The second array 208 of second passageways 210 merge at a second converging area 212 after following the helical path around the centerline 12 into a second discharge tube 214. The second converging area 112 is similar to the second transition area 206 in that the second array 208 of second passageways 210 converge back into a single tube that is the second discharge tube 214. Thus, the second converging area 212 defines a plurality of merging areas 213. Then, the cold stream 201 passes through the second discharge tube 214 and out of a second exit 216. As shown, the second discharge tube 214 travels through the center of the heat exchanger 10 to carry the cold stream 201 down the centerline 12 prior to passing through the second exit 216.
Through this configuration, the first fluid stream 101 and the second fluid stream 201 travel in opposite directions in their respective passageways 110, 210 in order to have a counter-flow orientation with respect to the direction of flow of the first fluid stream 101 and the second fluid stream 201 in the helical section 14. However, in an opposite embodiment, the heat exchanger 10 can be designed such that the first fluid stream 101 and the second fluid stream 201 travel in the same direction in their respective passageways 110, 210.

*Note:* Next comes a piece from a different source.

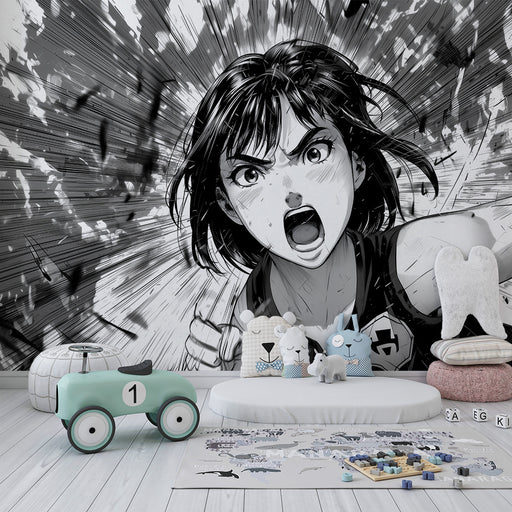 KidsWallAcest tapet manga epic capturează o scenă dinamică și captivantă în alb și negru. Cu linii energice și intense, este ideal pentru a crea o atmosfer...

The first passageways 110 and the second passageways 210 have an elongated shape. As shown, the first passageways 110 and the second passageways 210 have a length in the axial direction DA that is greater than its width in the radial direction DR. In certain embodiments, the first passageways 110 have a length in the axial direction DA that is at least about twice its width in the radial direction DR, such as at least about four times its width. For example, the first passageways 110 can have a length in the axial direction DA that is about 3 times to about 10 times its width in the radial direction DR, such as about 4 times to about 8 times its width. Similarly, the second passageways 210 have a length in the axial direction DA that is at least about twice its width in the radial direction DR, such as at least about four times its width. For example, the second passageways 210 can have a length in the axial direction DA that is about 3 times to about 25 times its width in the radial direction DR, such as about 4 times to about 20 times its width. As such, the relative contact area between the first passageways 110 and adjacent second passageways 210 can be maximized by an elongated, common wall therebetween.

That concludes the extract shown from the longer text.